学業不振から一念発起 米国に広めるカラオケの興 Healsonic Group 代表 / Karaoke Champ Inc. 社長 木田マイク

実家を継ぐのか−。迷いながらも学業成就、出世の道を駆け上ってきた。「毎日みんなが笑っていられる」を理想とするカラオケチャンプの木田マイク社長(50)は、顧客と従業員の幸せを願いつつ、出店計画を練る。

木田さんは富山県で美容院を営む一家の4人きょうだいの長男。「自分は美容師に合っているのか」と葛藤を抱いた高校時代、勉強に身が入らず、成績は学年130位ほどで最下位に近かった。「今は美容師も大学を出る時代なのに」と両親も諦め気味。一念発起したのは部活引退後の3年の夏。恋人にふられた折でもあり、受験勉強に打ち込むと、成績は10位台に急上昇、周囲を驚かせた。「人の評価は頑張り次第ですぐに変わる」とさとった。

京都の大学に進み、1人暮らしを始めた。全国から集まった学友と夜な夜な語り合い、3年の時に東南アジアやヨーロッパなど世界中を旅した。視野が広がり、実家を継ぐより「海外で活躍したい」気持ちが強まっていった。

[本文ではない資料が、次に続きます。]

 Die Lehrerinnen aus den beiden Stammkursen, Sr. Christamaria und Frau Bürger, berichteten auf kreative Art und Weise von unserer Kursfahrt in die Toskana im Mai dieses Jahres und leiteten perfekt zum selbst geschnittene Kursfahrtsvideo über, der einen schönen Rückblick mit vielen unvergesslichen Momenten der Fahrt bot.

新卒でリクルートに就職、遮二無二働き、担当部門で成績トップに。それを節目に「仕事の基礎を教わった。感謝しかない」会社に別れを告げ、1994年、米国へ渡った。

学生ビザによる渡米で、当初起業する気はなかった。カラオケ店オーナーとの偶然の出会いが転機となった。2時間ほど話し込んで経営の面白さを聞くうち、思いが募って起業を決意。休学し、なけなしの約30万円を元手に95年、カラオケ機材のレンタルから実業家の道を歩み出した。滑り出しは良かった。見込み違いは米国人客が少なかったこと。「パーティー好きな国民性だ。潜在需要はあるはず」とにらみ、他社に先んじて新曲を充実させ、曲数を約3倍に増やすことで「需要を顕在化させた」。シアトルやラスベガスにも展開し、市場を開拓してきた。

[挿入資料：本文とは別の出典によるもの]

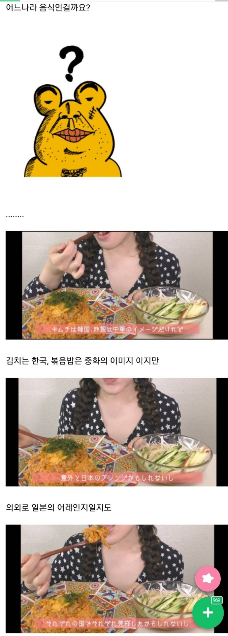 뿜뿜마왕김치는 우리 생각보다 훨씬 일찍 일본에 진출한 음식임. 일본 시골 동네 식당가도 김치 들어간 볶음밥 비스무리한 음식 꽤 많음. 일본 여기저기서 여러번 먹어봄. 이미 김치는 일본에 현지화된 음식임. 열폭할 문제가 아니리 저렇게 생각해도 이상하지 않을 음식이라고 생각하면 되는거임.

木田マイク(きだ・まいく)■富山県高岡市出身。同志社大卒業後、1990年リクルート入社。94年に来米、95年ジョンマンUSA(現カラオケチャンプ)創業。「ヒールソニック」ブランドのカラオケ機材レンタル・販売のほか、クイーンズ区アストリアにある直営店「Karaoke Shout」など11店を展開。近くロサンゼルスに新店をオープン。クイーンズ区在住。

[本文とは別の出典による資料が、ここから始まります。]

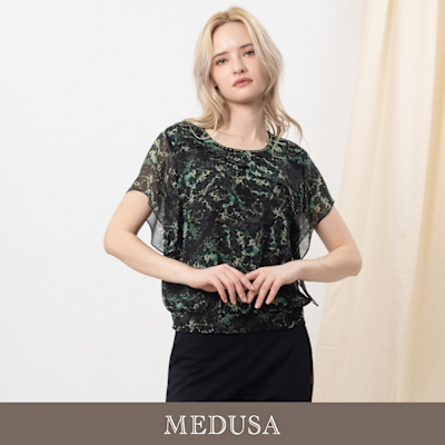 現貨【MEDUSA 曼度莎】森林綠斜蓋荷葉雪紡上衣(M-2L)|女短袖上衣 雪紡上衣 優雅穿搭$1,580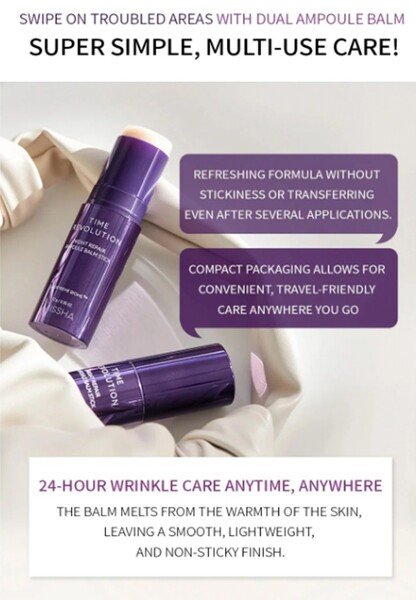 Клинически доказано, что бальзам-стик Time Revolution Night Repair Ampoule улучшает глубину и внешний вид морщин, оказывая длительное действие в течение 24 часов.

2001年の同時多発テロ後の自粛ムードなど危機は何度もあった。特にリーマン・ショック後は客足が遠のき、社運をかけた大規模直営店の融資も契約直前に破談。経営が悪化したが、従業員の雇用は守りたいと、「気が休まる時はなかった」。誰よりも働き、ピンチをしのいだ。

何とか資金を集め直し、09年に念願の直営店「カラオケシャウト」を構えた。「ここに来ると楽しんでくれている人の姿が見える。『俺、ええ仕事してるやん』と再認識できる」と自身の憩いの場にもなった。

趣味は家族と出掛ける旅行。理想は1年のうち米国、日本、それ以外でそれぞれ3分の1つずつ、旅するように暮らすこと。年2回は実家に帰省する。後を継がなかった実家の美容院の将来を気にかけ、少し寂しげな木田さん。経営者となり、親の気持ちが分かるようになった。歌うことが人々の癒やしにつながると信じ、家族のような温かい職場をつくっていくのが信条だ。